Iron is the most common micronutrient deficiency, accounting for about 1.6 billion people iron-deficiency anemic. Iron deficiency is a factor for over 20,000 deaths per year in children under the age of 5 and about a fifth of pregnancy related deaths. It is especially common in menstruating and pregnant women as well as in children. Iron balance is vital for growth, development, and human health; it’s no wonder that iron deficiency is a priority of many organizations around the world. Do you think you may have an iron deficiency? This article will give you the ins and outs of the condition as well as measures for prevention and treatment.

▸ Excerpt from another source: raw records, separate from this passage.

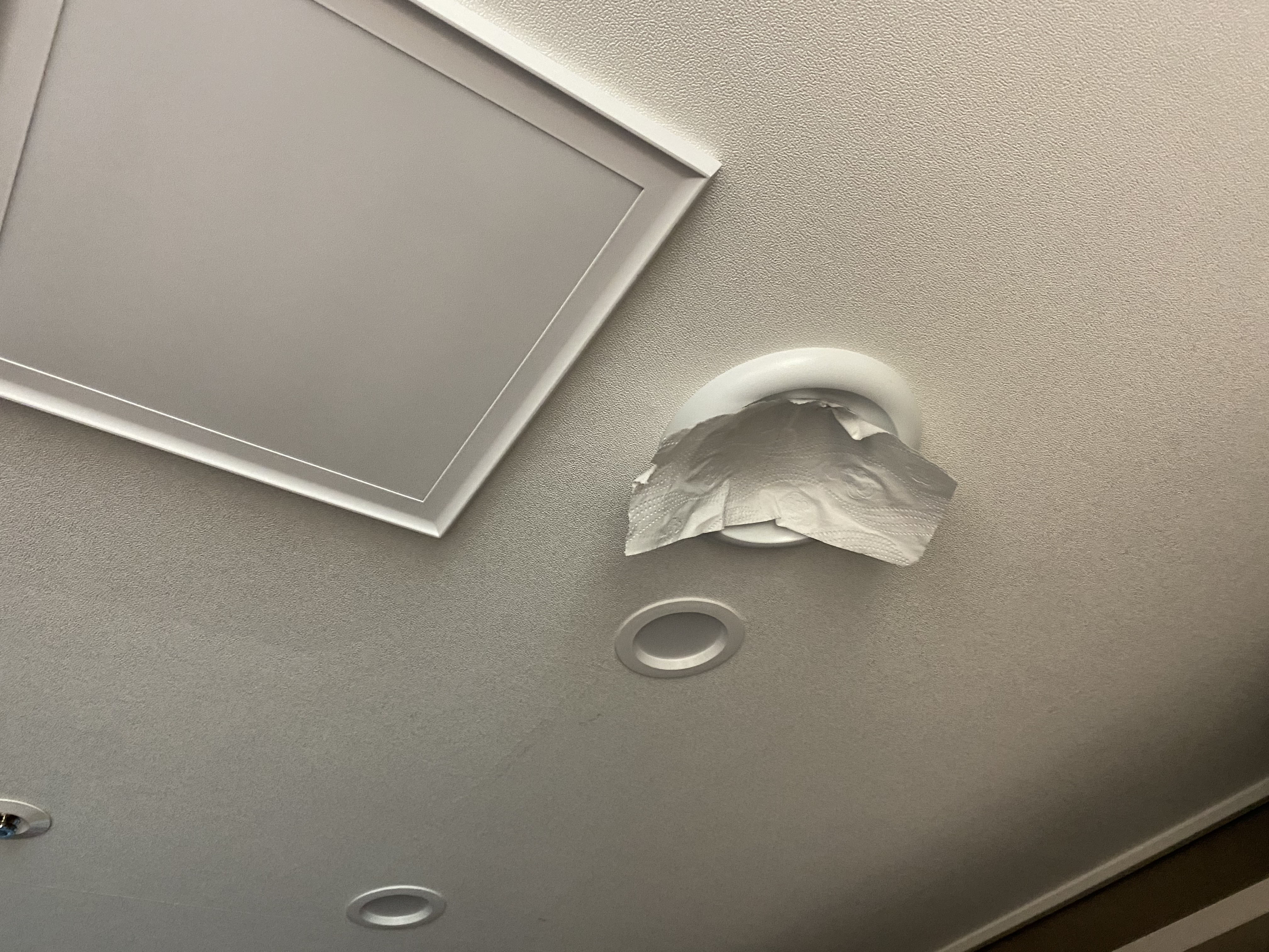 욕실 천장 소재가 ABS다 보니 SMC 재질보다는 덜딱딱해서 휴젠뜨를 시공했을 시 밑으로 쳐질 염려가 있어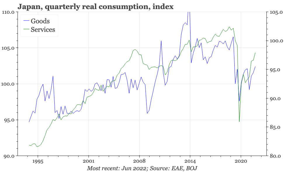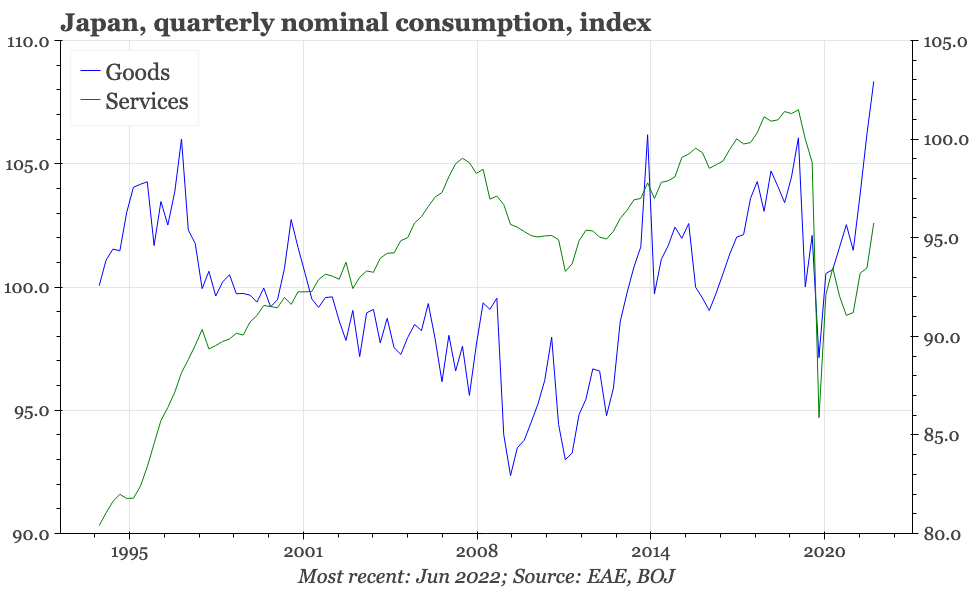 The impact of the relatively rapid rate of rise in the CPI can be seen in the GDP breakdown, with goods consumption in nominal terms rising strongly, even though in real terms the level of spending remains soft. The Economy Watchers survey suggests consumer activity, and the economy in general, is weakening again into Q3.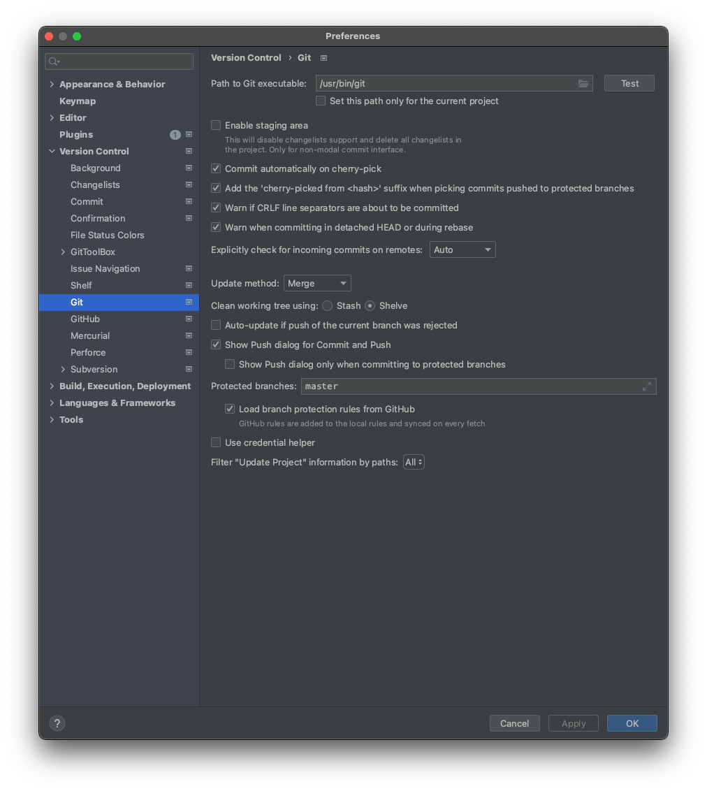 2. ์ธํ ๋ฆฌ์ ์ด ์ค์ -> Version Control -> Git -> Path to Git executable ์ ๊ฒฝ๋ก ๋ณ๊ฒฝ-> Test -> OK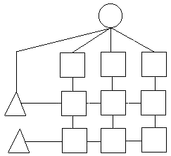 Рис. 2. Функциональная организационная структура Дивизиональная департаментизация является вариантом сложной производной от линейной и функциональной. Ее суть предполагает, во-первых, значительные по масштабам линейные подразделения, самостоятельность и автономность функционирования которых значительны, во-вторых, создание в линейных подразделениях (для обеспечения эффективной реализации прав) функциональных служб. Такой тип департаментизации вызывается диверсификацией производственной деятельности, расширением территориальных границ или структурированием потребителя фирм. В результате в рамках одной компании могут выделяться (на уровне оперативного управления), например, предприятия по выпуску то или иного продукта, географически отдаленные подразделения (филиалы) или подразделения, ориентированные на конкретного потребителя. Самым сложным типом департаментизации является матричная. По сути, она представляет собой комбинацию ранее рассмотренных, сбалансированный механизм компромисса между дифференциацией и группировкой работ вокруг ресурсов или результата деятельности. Ее условное изображение может быть следующим:

Why do we need iron? Iron is a vital mineral needed in trace amounts; while too much will lead to toxicity, a deficiency can lead to a slew of health problems, including iron-deficiency anemia. Hemoglobin is an iron-rich protein in our red blood cells that takes up oxygen from the lungs, distributing it around the body. During a deficiency, your body will first steal iron from your body stores. Once those stores are used up, your body may make fewer red blood cells that have less hemoglobin. This is a double whammy in terms of oxygen uptake. A deficiency in iron will ultimately lead to a decrease in oxygen uptake by our red blood cells.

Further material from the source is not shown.